Work instructions - In the listing below, the lines starting at the line with "X17机器人机床优点是柔性好" and ending at the line with "Nůžky s jedním" are to be output verbatim. Images stay out of the copy.

Material for the task -

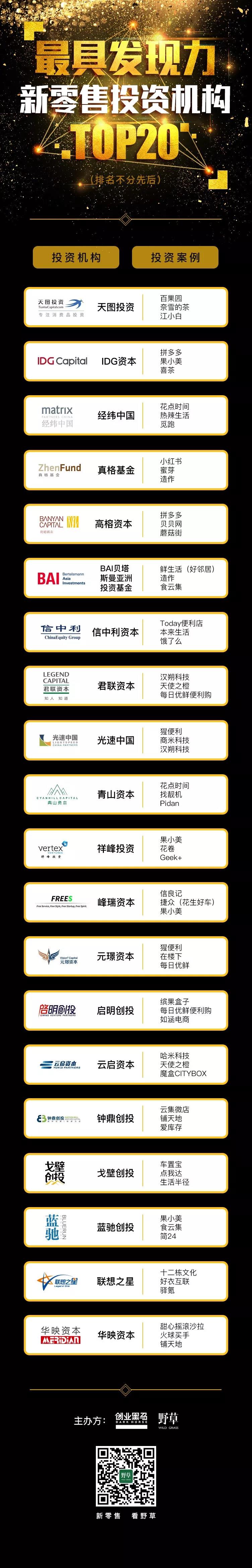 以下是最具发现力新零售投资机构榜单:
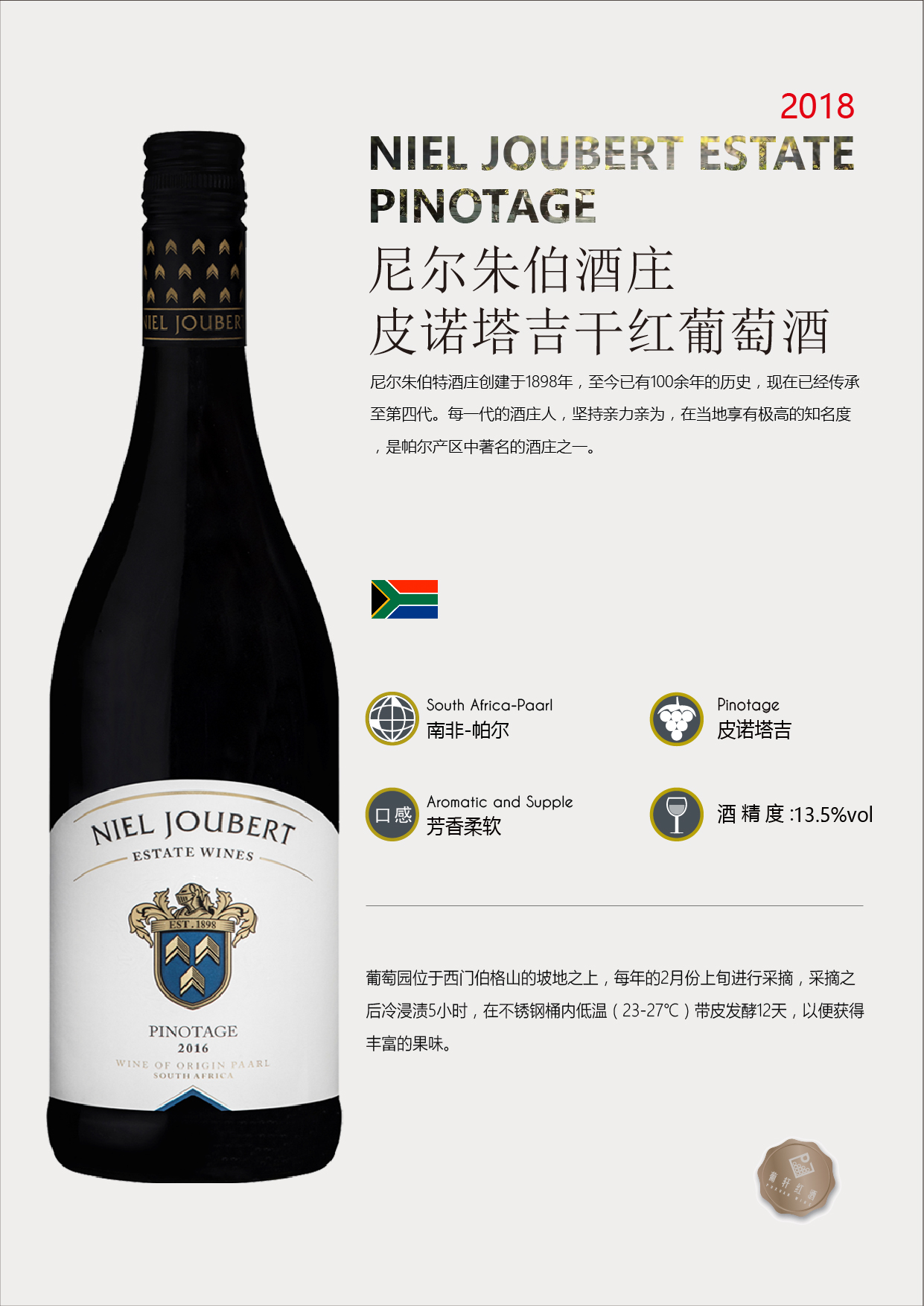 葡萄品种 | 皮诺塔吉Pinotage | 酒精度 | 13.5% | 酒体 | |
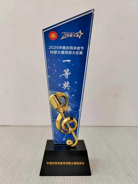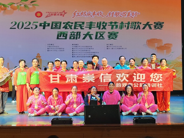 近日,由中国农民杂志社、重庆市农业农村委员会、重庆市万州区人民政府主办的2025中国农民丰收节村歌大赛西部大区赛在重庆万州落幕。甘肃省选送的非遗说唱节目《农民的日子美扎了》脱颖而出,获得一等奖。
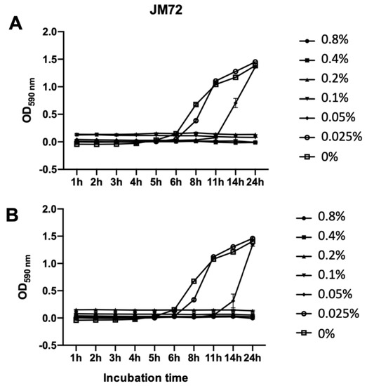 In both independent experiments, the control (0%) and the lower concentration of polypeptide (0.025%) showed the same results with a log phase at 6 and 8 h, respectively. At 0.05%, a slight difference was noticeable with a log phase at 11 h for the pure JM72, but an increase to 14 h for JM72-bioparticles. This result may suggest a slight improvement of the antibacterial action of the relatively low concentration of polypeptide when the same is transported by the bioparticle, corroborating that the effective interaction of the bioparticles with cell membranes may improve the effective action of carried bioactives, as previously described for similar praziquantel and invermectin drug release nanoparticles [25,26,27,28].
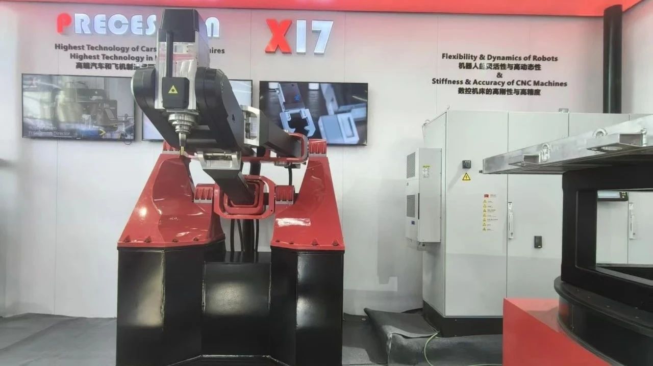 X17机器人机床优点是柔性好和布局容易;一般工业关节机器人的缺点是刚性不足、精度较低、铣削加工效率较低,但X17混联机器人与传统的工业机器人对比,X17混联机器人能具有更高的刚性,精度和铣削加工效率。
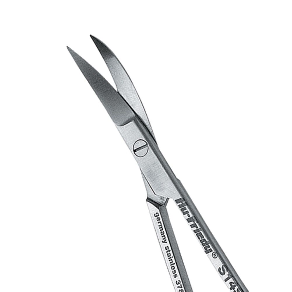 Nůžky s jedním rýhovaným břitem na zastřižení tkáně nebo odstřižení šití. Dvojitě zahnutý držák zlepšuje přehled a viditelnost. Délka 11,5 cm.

--

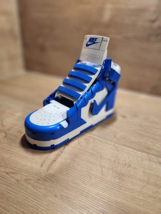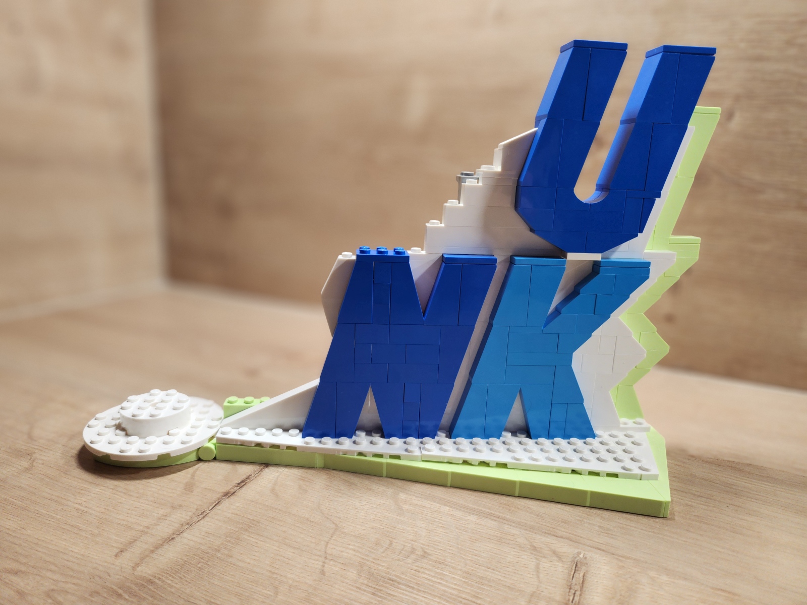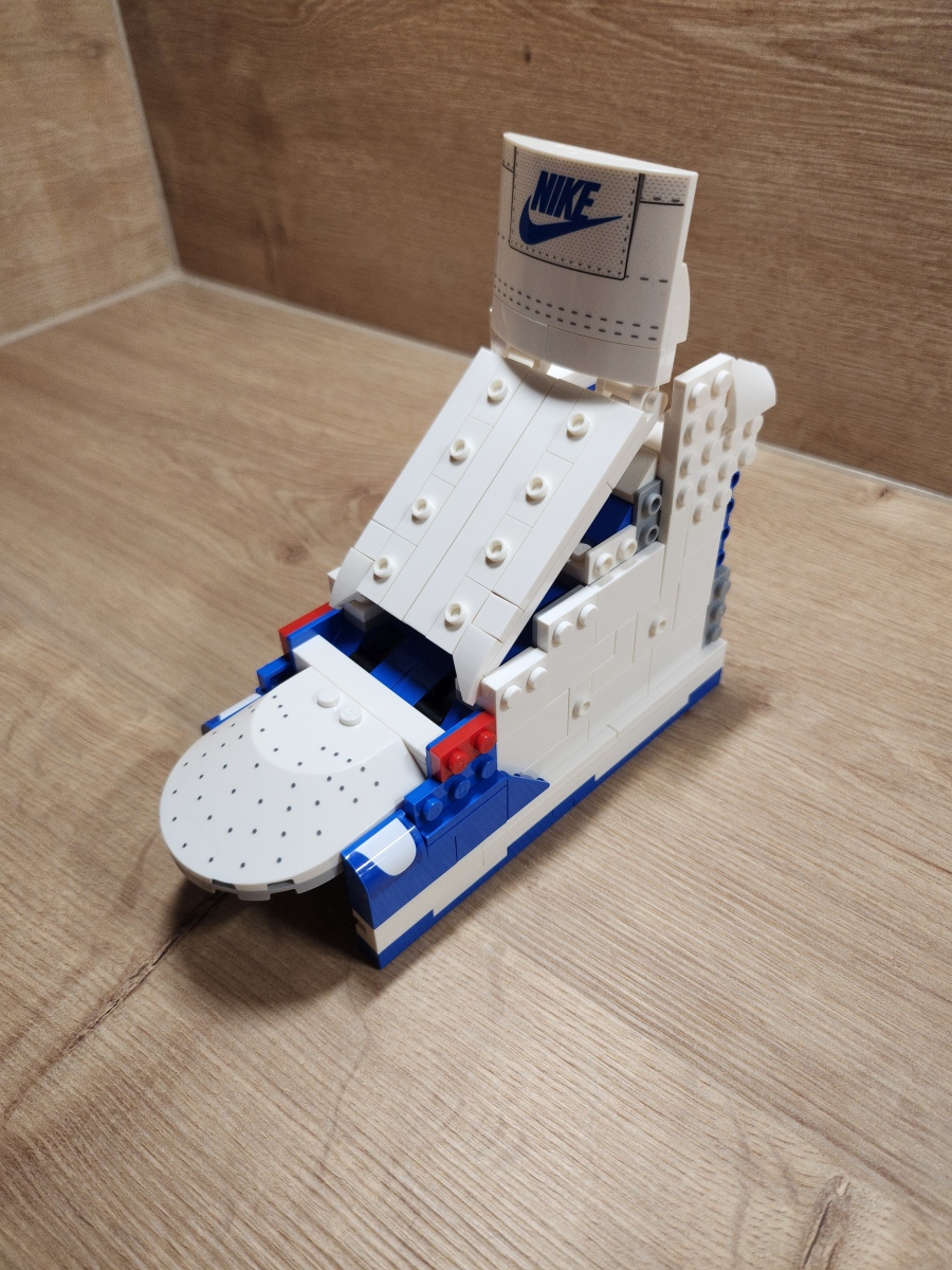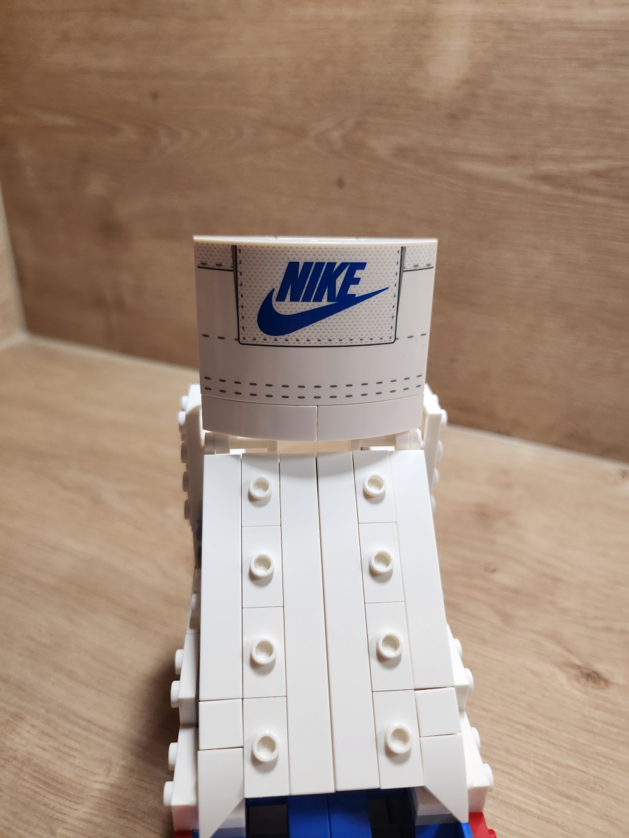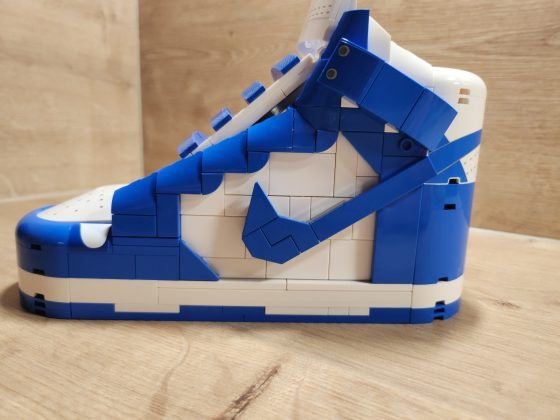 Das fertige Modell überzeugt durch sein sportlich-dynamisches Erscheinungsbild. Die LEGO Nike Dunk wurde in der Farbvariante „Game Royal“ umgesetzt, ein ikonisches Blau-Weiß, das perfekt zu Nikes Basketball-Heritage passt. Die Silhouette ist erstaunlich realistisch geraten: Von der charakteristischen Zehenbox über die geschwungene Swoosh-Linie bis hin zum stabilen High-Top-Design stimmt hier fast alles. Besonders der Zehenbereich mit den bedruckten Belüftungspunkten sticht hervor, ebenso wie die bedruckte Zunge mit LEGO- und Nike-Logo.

Solution below -
 X17机器人机床优点是柔性好和布局容易;一般工业关节机器人的缺点是刚性不足、精度较低、铣削加工效率较低,但X17混联机器人与传统的工业机器人对比,X17混联机器人能具有更高的刚性,精度和铣削加工效率。
 Nůžky s jedním rýhovaným břitem na zastřižení tkáně nebo odstřižení šití. Dvojitě zahnutý držák zlepšuje přehled a viditelnost. Délka 11,5 cm.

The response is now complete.